The pictures get left out, but everything else in the listing below must be duplicated exactly.

## [Data below]

=== Begin Enclosure ===

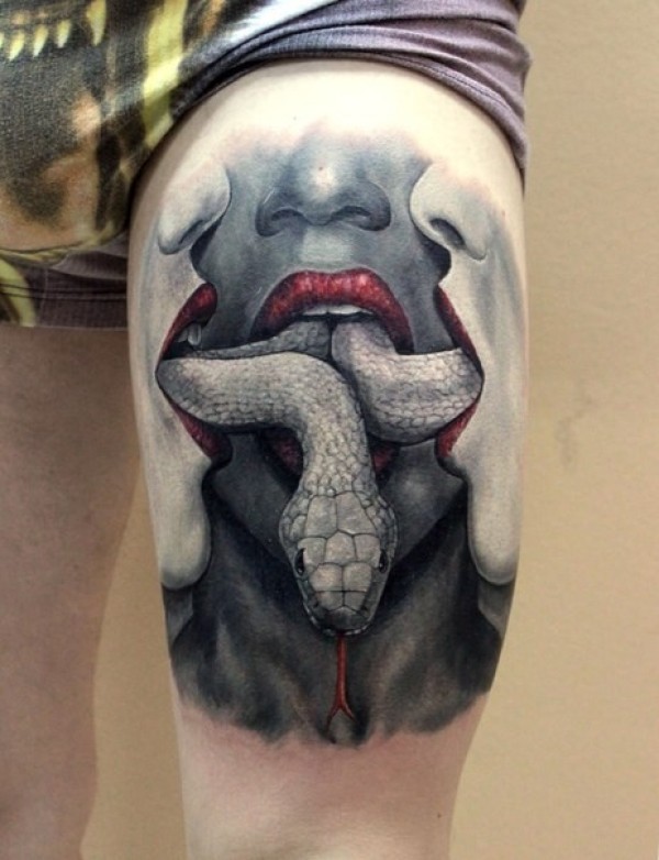 腿部彩色妇女与蛇纹身图案
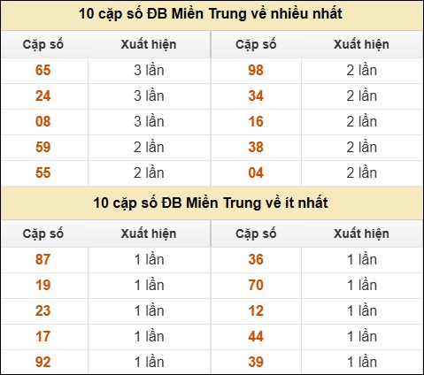 ⚡ 10 cặp số ĐB XSMT về nhiều nhất/ ít nhất tính đến ngày 19/03/2026:
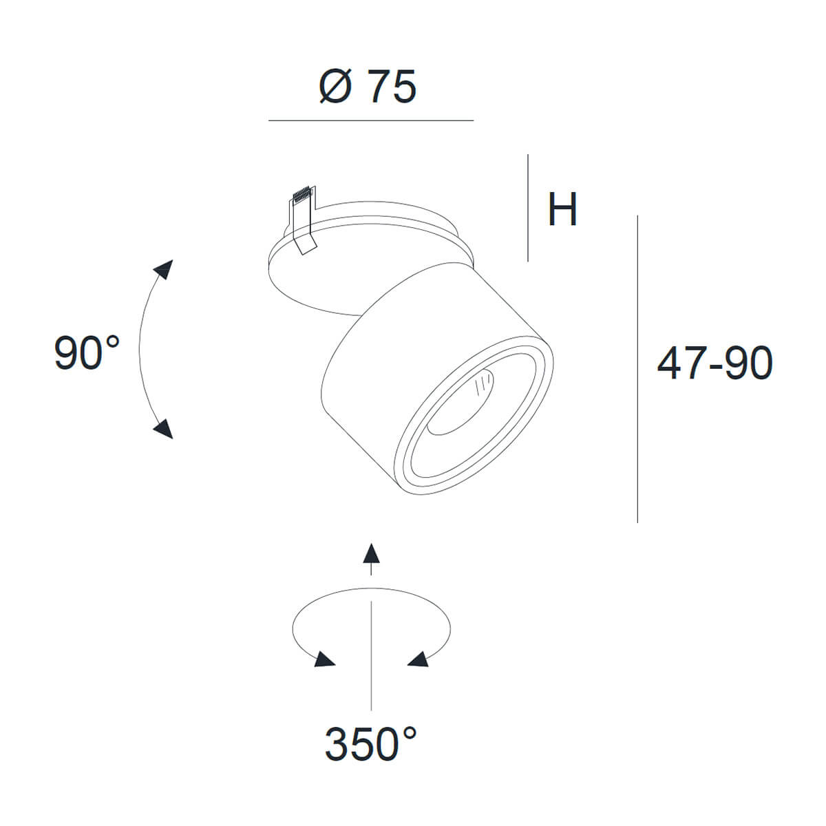 - Mit dreh- und schwenkbarem Strahlerkopf (350°/90°)
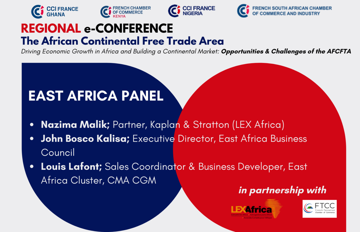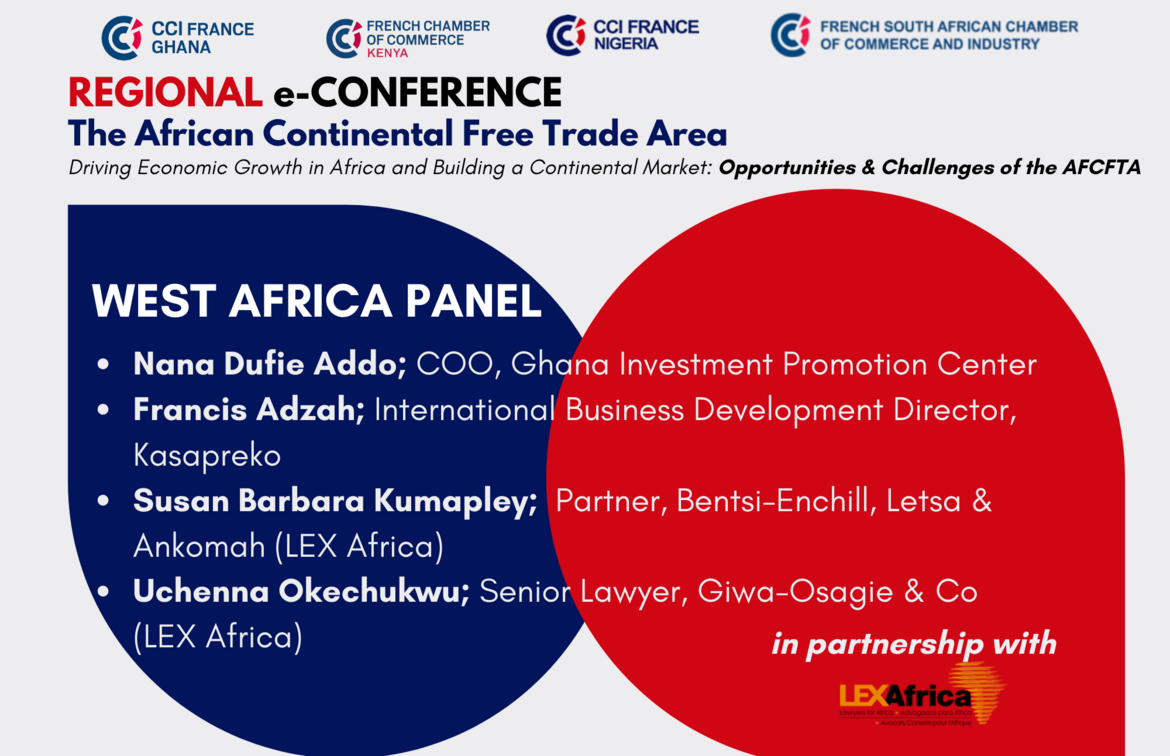 On Wednesday 15th September 2021, our French Chambers in Ghana, Kenya, Nigeria and South Africa hosted an AfCFTA Regional e-Conference to discuss the creation of the vast AfCFTA regional market and its opportunities to boost inter-African trade, attract foreign direct investment, and accelerate growth.

=== End Enclosure ===

## [Result for this task]
 腿部彩色妇女与蛇纹身图案
 ⚡ 10 cặp số ĐB XSMT về nhiều nhất/ ít nhất tính đến ngày 19/03/2026:
 - Mit dreh- und schwenkbarem Strahlerkopf (350°/90°)
 On Wednesday 15th September 2021, our French Chambers in Ghana, Kenya, Nigeria and South Africa hosted an AfCFTA Regional e-Conference to discuss the creation of the vast AfCFTA regional market and its opportunities to boost inter-African trade, attract foreign direct investment, and accelerate growth.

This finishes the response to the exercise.